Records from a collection
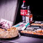 Отже, після будинку адміністрації ми вирушили у свій сектор №1, який забронювали, і почали неспішно займатися облаштуванням табору. Тим часом охоронець привіз нам човен, який можна там взяти в оренду, і трохи згодом - купу дров для вогнища та мангала. На годиннику вже була майже обідня пора, а ми особливо нічого не їли, тому після облаштування табору, першочергово ми вирішили перекусити й вже тоді займатися рибалкою. Повторюсь – рибалка на даному виїзді була другорядною. Оскільки Олег мав проставлятися на даному виїзді, він вирішив замовити ввечері перед виїздом суші, щоб по приїзду не заморочуватися готуванням, а швидко перекусити й займатися снастями, кормами та т.д. Спочатку мені ідея з сушами видалася якась «брєдова», але Олег проставляється – я не став йому щось говорити та нав’язувати, далі Ваня мені подзвонив і сказав, що будуть суші – це якась херня, і то все зам’ялося. Хоче людина на свій Д.Н. – суші, нехай будуть суші. Табір ми розставили, Олег накрив поляну, настав час його вітати, попередньо ми купити торт і замовили їстівне фото на якому вся наша команда з Олегом і трофеєм в руках, і в додачу подарували йому риболовний подарунок, за який він сказав що знав (хоча ніхто йому цього не говорив), але торт був дійсно сюрпризом. Вітання, палки в руки та «погнали пакувати ті суші», яким ми спочатку не придали значення, адже суші зайшли на ура.
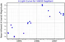 V4650 Sgr was first catalogued in 1996 as star 362 in a list of stars in the galactic centre region near the Quintuplet Cluster.[5] The acronym qF is used for stars in the list and so the star name is qF 362. The acronym FMM is also used, hence FMM 362.[6] The LBV nature of qF 362 was not recognised until 1999.[7] It is one of three LBVs close to the Quintuplet Cluster, all highly luminous stars.[8]
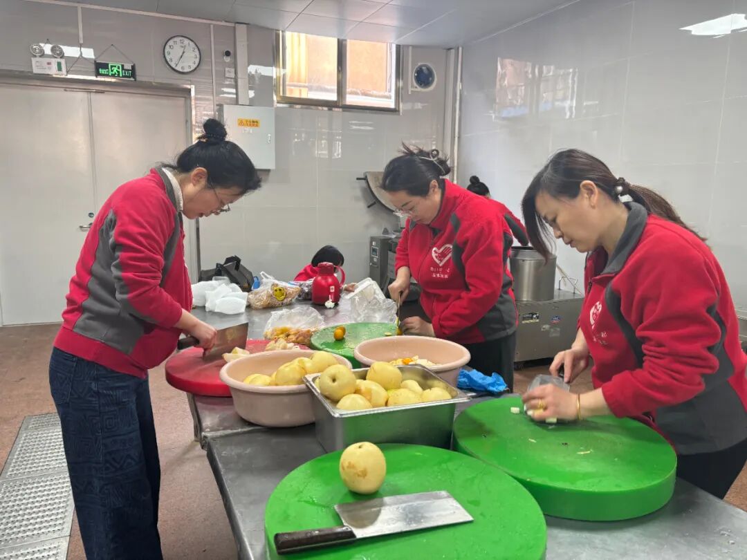 中午时分,在该矿井口餐厅后厨,放弃午休的女工协管员们围在操作台前,分工有序地忙碌起来。她们将金桔搓洗去蜡、雪梨切成小块、红枣逐个去核……
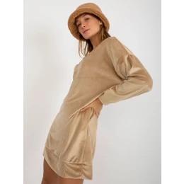 Béžové volné velurové šaty s kapsami RUE PARIS .
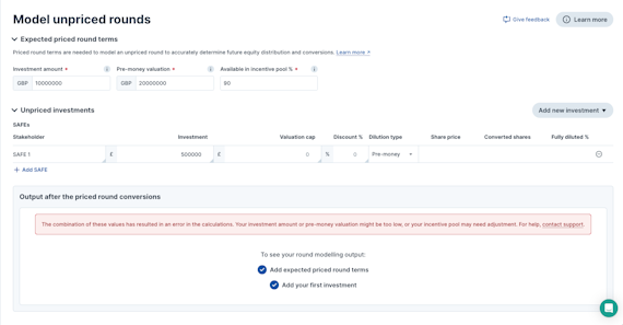5. Not all values input can result in valid calculations. For example, using a target available pool too high may not leave enough remaining equity for the priced investors and convertible loan notes ownership, in which case we display an error message prompting you to revisit the inputs.
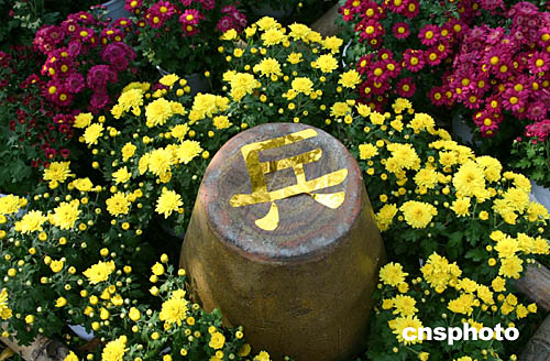 11月12日,臺北菊展在當(dāng)年蔣介石的士林官邸開幕。圖為門前的“棋奕菊間”花區(qū),各色菊花間擺放著中國象棋棋子,創(chuàng)意十足。中新社記者:董會峰
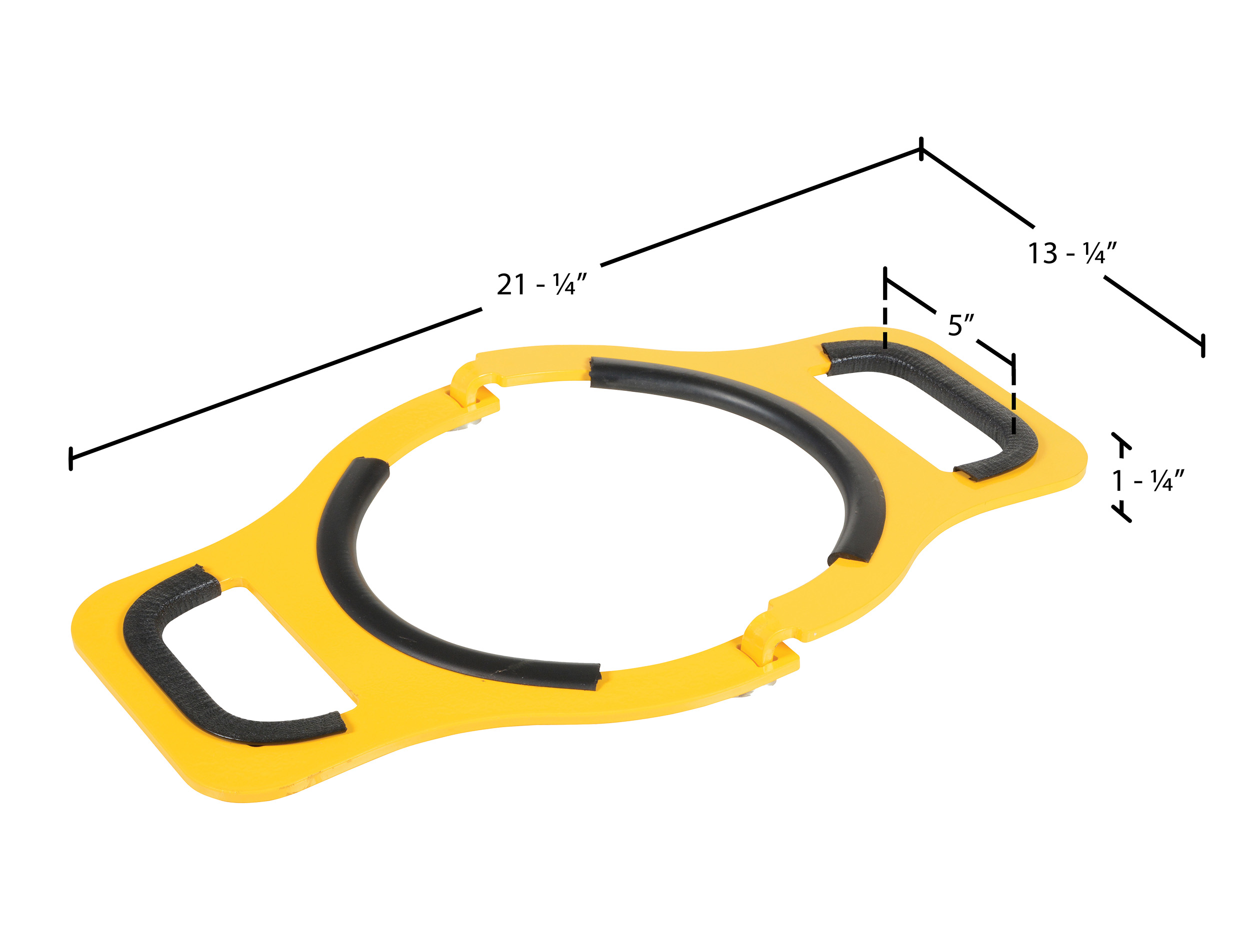 This manual Cylinder lifter is easy to use and allows for safely lifting cylinders. The pivoting design grabs and squeezes the cylinder when lifted. The lifter has a rubber-coated center and handle holes. Steel construction with a powder-coat yellow finish.
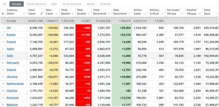 Количество больных коронавирусом в Европе 29 октября (фото – скриншот worldometers.info)
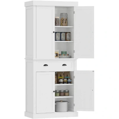 HOMCOM Traditional Colonial Freestanding Kitchen Pantry Cupboard Storage Cabinet White
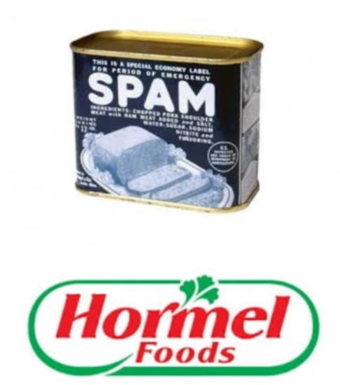 스팸은 1970년 영국 코미디 그룹 몬티 파이튼의 스케치로 전 세계에 이름을 알렸다. 이 스케치에서 식당 메뉴에 스팸이 과도하게 들어가 “원치 않는데 잔뜩 있는 것”으로 묘사되었다. 이 이미지는 1980년대 인터넷 시대에 “원치 않는 전자 메시지”를 “스팸 메일”이라 부르는 계기가 되었고, 오늘날까지 이어진다.
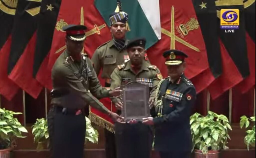 युनिट प्रशस्तिपत्र पुरस्कार २०२६’ ने लष्करप्रमुखांच्या हस्ते कर्नल सुजय तांबे सन्मान स्वीकारताना यावेळी उपस्थित इतर मान्यवर
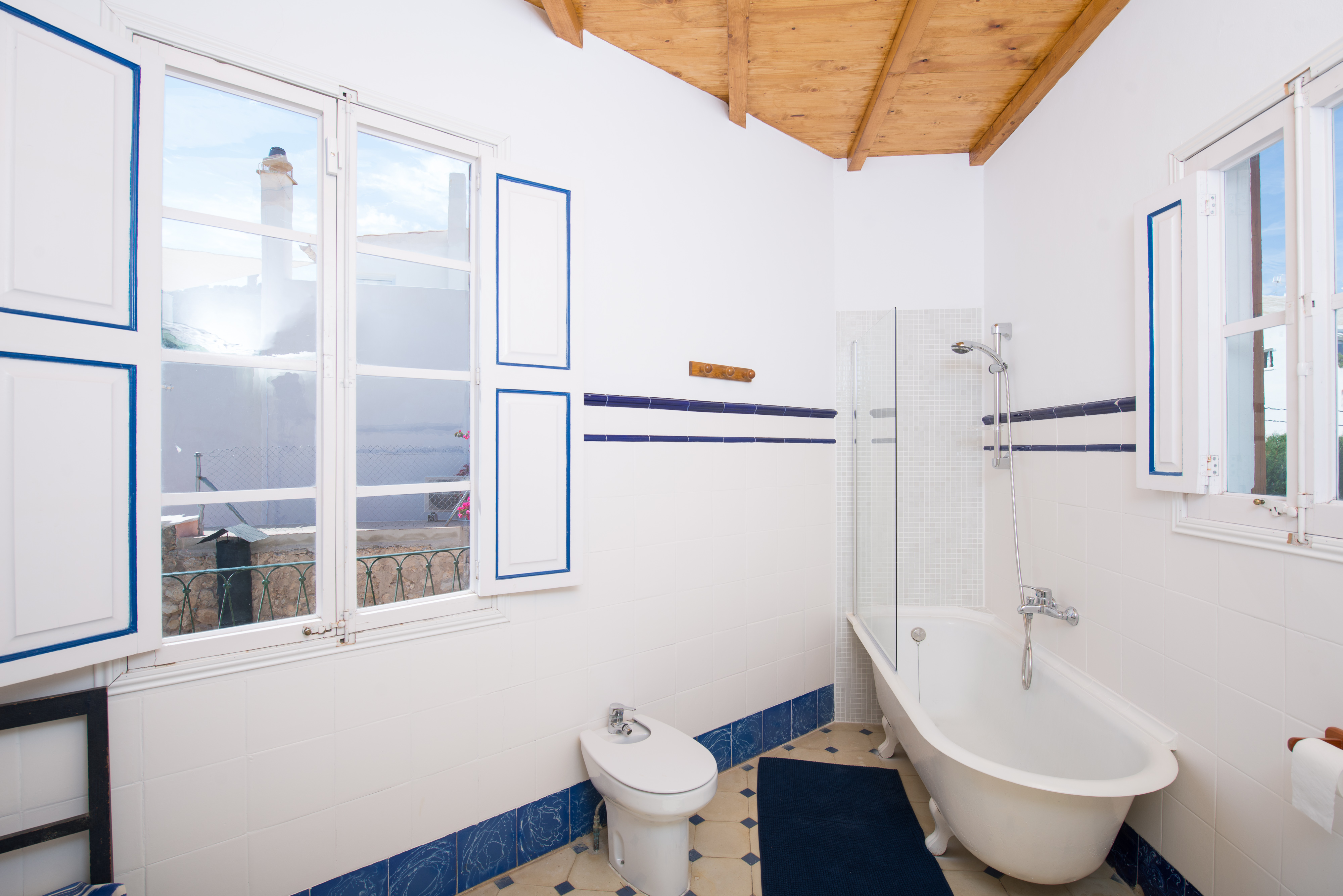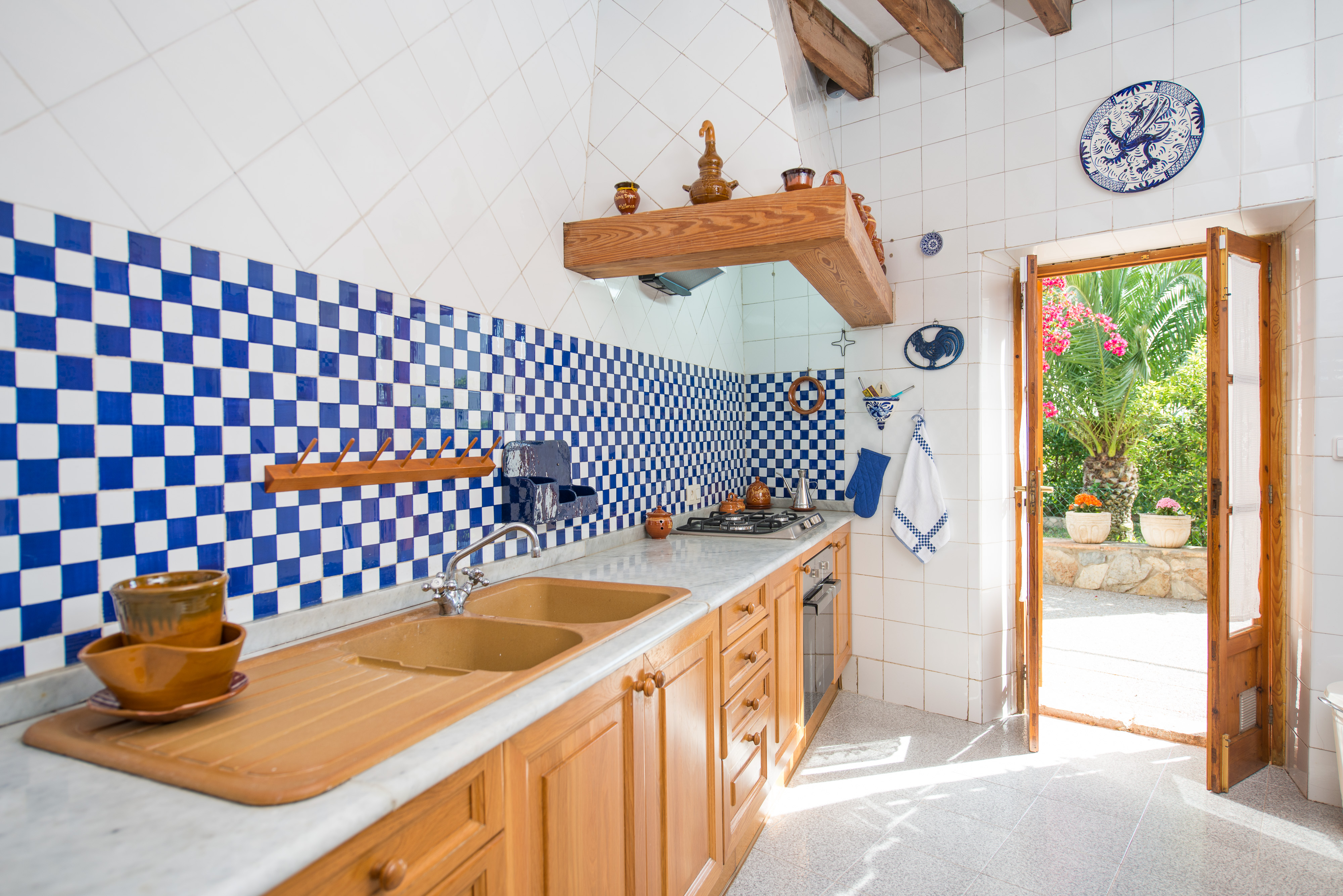 De wooneetkamer is uitgerust met AC en satelliet TV. Het is ideaal om te ontspannen of je favoriete boek te lezen bij de houtkachel. De inrichting is typisch Mallorcaans en de originele vloertegels in de woonkamer springen in het oog. De keuken is gasonafhankelijk en heeft alles wat je nodig hebt om comfortabel te koken. Er is ook een wasmachine, strijkijzer en strijkplank. Op de begane grond is er een slaapkamer met een tweepersoonsbed en een badkamer met een douche. Op de eerste verdieping zijn de andere slaapkamers. Drie slaapkamers hebben elk twee eenpersoonsbedden en een van hen heeft ook een eigen badkamer met een bad. Een vijfde slaapkamer met een tweepersoonsbed en een badkamer met een douche maakt je verblijf compleet. Alle slaapkamers hebben AC, ventilatoren en kasten om je spullen in op te bergen. De slaapkamer met een tweepersoonsbed en een van de slaapkamers met eenpersoonsbedden hebben een tussendeur, maar tegelijkertijd hebben ze elk een aparte ingang. Het huis heeft zonnepanelen om energie te besparen.
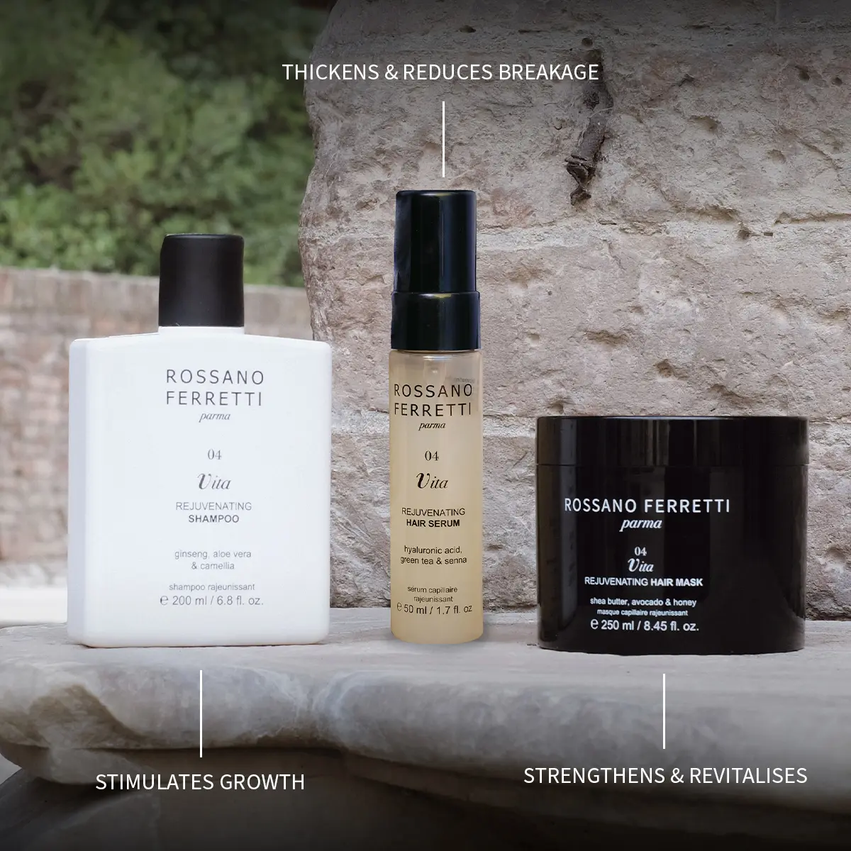 Apply 2-3 pumps of Rejuvenating Serum on the scalp & damp hair. Blow-dry or air-dry

=== WORK REQUIRED ===
The records above should be copied word for word, with the pictures left out.

=== RESPONSE TO THIS TASK ===
 Отже, після будинку адміністрації ми вирушили у свій сектор №1, який забронювали, і почали неспішно займатися облаштуванням табору. Тим часом охоронець привіз нам човен, який можна там взяти в оренду, і трохи згодом - купу дров для вогнища та мангала. На годиннику вже була майже обідня пора, а ми особливо нічого не їли, тому після облаштування табору, першочергово ми вирішили перекусити й вже тоді займатися рибалкою. Повторюсь – рибалка на даному виїзді була другорядною. Оскільки Олег мав проставлятися на даному виїзді, він вирішив замовити ввечері перед виїздом суші, щоб по приїзду не заморочуватися готуванням, а швидко перекусити й займатися снастями, кормами та т.д. Спочатку мені ідея з сушами видалася якась «брєдова», але Олег проставляється – я не став йому щось говорити та нав’язувати, далі Ваня мені подзвонив і сказав, що будуть суші – це якась херня, і то все зам’ялося. Хоче людина на свій Д.Н. – суші, нехай будуть суші. Табір ми розставили, Олег накрив поляну, настав час його вітати, попередньо ми купити торт і замовили їстівне фото на якому вся наша команда з Олегом і трофеєм в руках, і в додачу подарували йому риболовний подарунок, за який він сказав що знав (хоча ніхто йому цього не говорив), але торт був дійсно сюрпризом. Вітання, палки в руки та «погнали пакувати ті суші», яким ми спочатку не придали значення, адже суші зайшли на ура.
 V4650 Sgr was first catalogued in 1996 as star 362 in a list of stars in the galactic centre region near the Quintuplet Cluster.[5] The acronym qF is used for stars in the list and so the star name is qF 362. The acronym FMM is also used, hence FMM 362.[6] The LBV nature of qF 362 was not recognised until 1999.[7] It is one of three LBVs close to the Quintuplet Cluster, all highly luminous stars.[8]
 中午时分,在该矿井口餐厅后厨,放弃午休的女工协管员们围在操作台前,分工有序地忙碌起来。她们将金桔搓洗去蜡、雪梨切成小块、红枣逐个去核……
 Béžové volné velurové šaty s kapsami RUE PARIS .
5. Not all values input can result in valid calculations. For example, using a target available pool too high may not leave enough remaining equity for the priced investors and convertible loan notes ownership, in which case we display an error message prompting you to revisit the inputs.
 11月12日,臺北菊展在當(dāng)年蔣介石的士林官邸開幕。圖為門前的“棋奕菊間”花區(qū),各色菊花間擺放著中國象棋棋子,創(chuàng)意十足。中新社記者:董會峰
 This manual Cylinder lifter is easy to use and allows for safely lifting cylinders. The pivoting design grabs and squeezes the cylinder when lifted. The lifter has a rubber-coated center and handle holes. Steel construction with a powder-coat yellow finish.
 Количество больных коронавирусом в Европе 29 октября (фото – скриншот worldometers.info)
 HOMCOM Traditional Colonial Freestanding Kitchen Pantry Cupboard Storage Cabinet White
 스팸은 1970년 영국 코미디 그룹 몬티 파이튼의 스케치로 전 세계에 이름을 알렸다. 이 스케치에서 식당 메뉴에 스팸이 과도하게 들어가 “원치 않는데 잔뜩 있는 것”으로 묘사되었다. 이 이미지는 1980년대 인터넷 시대에 “원치 않는 전자 메시지”를 “스팸 메일”이라 부르는 계기가 되었고, 오늘날까지 이어진다.
 युनिट प्रशस्तिपत्र पुरस्कार २०२६’ ने लष्करप्रमुखांच्या हस्ते कर्नल सुजय तांबे सन्मान स्वीकारताना यावेळी उपस्थित इतर मान्यवर
 De wooneetkamer is uitgerust met AC en satelliet TV. Het is ideaal om te ontspannen of je favoriete boek te lezen bij de houtkachel. De inrichting is typisch Mallorcaans en de originele vloertegels in de woonkamer springen in het oog. De keuken is gasonafhankelijk en heeft alles wat je nodig hebt om comfortabel te koken. Er is ook een wasmachine, strijkijzer en strijkplank. Op de begane grond is er een slaapkamer met een tweepersoonsbed en een badkamer met een douche. Op de eerste verdieping zijn de andere slaapkamers. Drie slaapkamers hebben elk twee eenpersoonsbedden en een van hen heeft ook een eigen badkamer met een bad. Een vijfde slaapkamer met een tweepersoonsbed en een badkamer met een douche maakt je verblijf compleet. Alle slaapkamers hebben AC, ventilatoren en kasten om je spullen in op te bergen. De slaapkamer met een tweepersoonsbed en een van de slaapkamers met eenpersoonsbedden hebben een tussendeur, maar tegelijkertijd hebben ze elk een aparte ingang. Het huis heeft zonnepanelen om energie te besparen.
 Apply 2-3 pumps of Rejuvenating Serum on the scalp & damp hair. Blow-dry or air-dry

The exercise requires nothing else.